In effect, the hook produces the same outcome as entering its --mount and --device option arguments in the command line of Sarus (or other engines with a similar CLI, like Docker and Podman).

However, the hook provides a way to group together the definition and execution of mounts related to a specific feature. By doing so, the feature complexity is abstracted from the user and feature activation becomes either comfortable (e.g. via a single CLI option) or completely transparent (e.g. if the hook either is always active or if it relies on an OCI annotation from the container image).
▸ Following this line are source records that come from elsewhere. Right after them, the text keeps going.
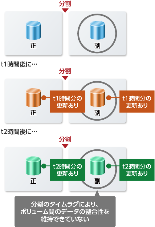 各ボリュームをバックアップするために副ボリュームにコピーした後、各コピーペアを分割するタイミングにばらつきが出ると、ボリューム間のデータの整合性を維持できず、バックアップデータとして使えなくなります。
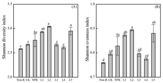 Effects of the various fertilization treatments on the Shannon diversity index (A); and Shannon evenness index (B) of the rhizospheric soil of chrysanthemum. Treatments were as follows: CK: control; NPK: chemical fertilizer treatment; L1: shrimp extracts; L2: plant decomposition; L3: vermicompost; L4: seaweed extracts; and L5: fish extracts. Non-R: non-rhizospheric soil. Every value shown in the bar is expressed as the mean ± standard deviation. Different letters indicate significantly statistical differences at the p < 0.05 level as determined by Duncan’s multiple range test.
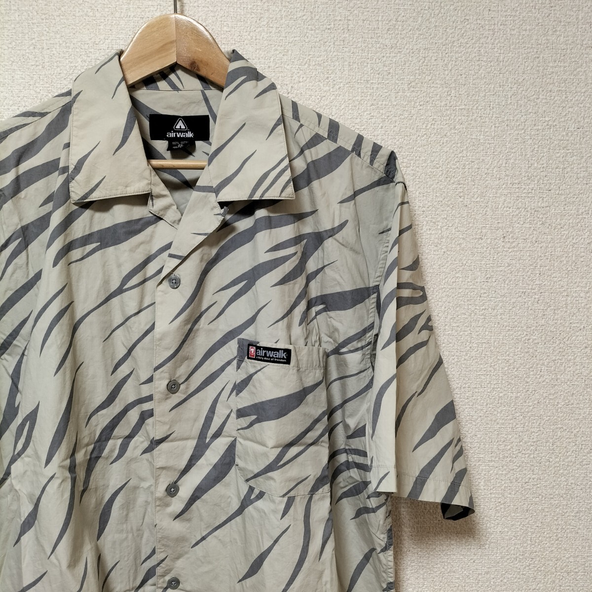 - 美品☆90s AIRWALK 半袖シャツ オープンカラー 開襟 虎 ゼブラ 総柄 左胸ポケット オフホワイト メンズXL オールド エアウォーク 古着 USED
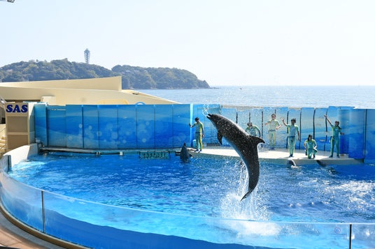 さらにリニューアルオープンしたイルカショースタジアムでは、相模湾に浮かぶ江の島と富士山を背景にイルカショーを楽しめます。

Some example use cases are described in this section.

Note

Compared to the MPI or Glibc hooks, the Mount hook does not check ABI or version compatibility of mounted resources, and it does not deduce on its own the mount destination paths within the container, since its purpose is not strictly tied to replacing library stacks.

Hook installation

The hook is written in C++ and it will be compiled when building Sarus without the need of additional dependencies. Sarus' installation scripts will also automatically install the hook in the $CMAKE_INSTALL_PREFIX/bin directory. In short, no specific action is required to install the MPI hook.

Hook configuration

The program is meant to be run as a prestart hook and accepts option arguments with the same formats as the --mount or --device options of sarus run.

The hook also supports the following environment variables:

  • LDCONFIG_PATH (optional): Absolute path to a trusted ldconfig program on the host. If set, the program at the path is used to update the container's dynamic linker cache after performing the mounts.
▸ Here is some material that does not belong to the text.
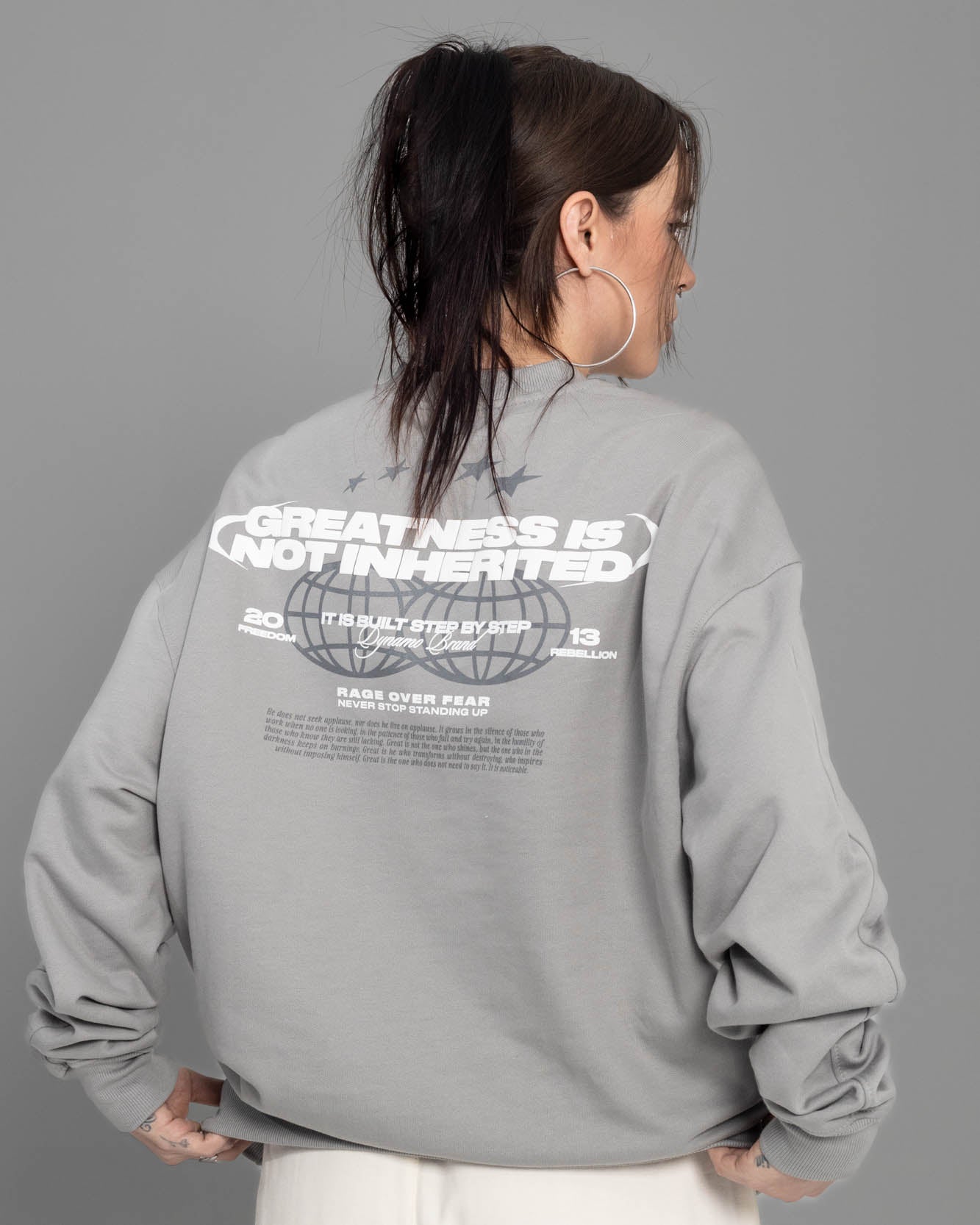 Jumper en 100% algodón, tacto suave y estructura estable para uso diario.Silueta oversize con mensaje tipográfico al frente: Greatness is not inherited — una declaración, no solo diseño.Hecho para quienes construyen su propio camino.

The following is an example of OCI hook JSON configuration file enabling the MPI hook:

{
    "version": "1.0.0",
    "hook": {
        "path": "/opt/sarus/bin/mount_hook",
        "args": ["mount_hook",
            "--mount=type=bind,src=/usr/lib/libexample.so.1,dst=/usr/local/lib/libexample.so.1",
            "--mount=type=bind,src=/etc/configs,dst=/etc/host_configs,readonly",
            "--device=/dev/example:rw"
        ],
        "env": [
            "LDCONFIG_PATH=/sbin/ldconfig"
        ]
    },
    "when": {
        "always": true
    },
    "stages": ["prestart"]
}

Example use cases

Libfabric provider injection

Libfabric is a communication framework which can be used as a middleware to abstract network hardware from an MPI implementation. Access to different fabrics is enabled through dedicated software components, which are called libfabric providers.

Fabric provider injection [1] consists in bind mounting a dynamically-linked provider and its dependencies into a container, so that containerized applications can access a high-performance fabric which is not supported in the original container image. For a formal introduction, evaluation, and discussion about the advantages of this approach, please refer to the reference publication.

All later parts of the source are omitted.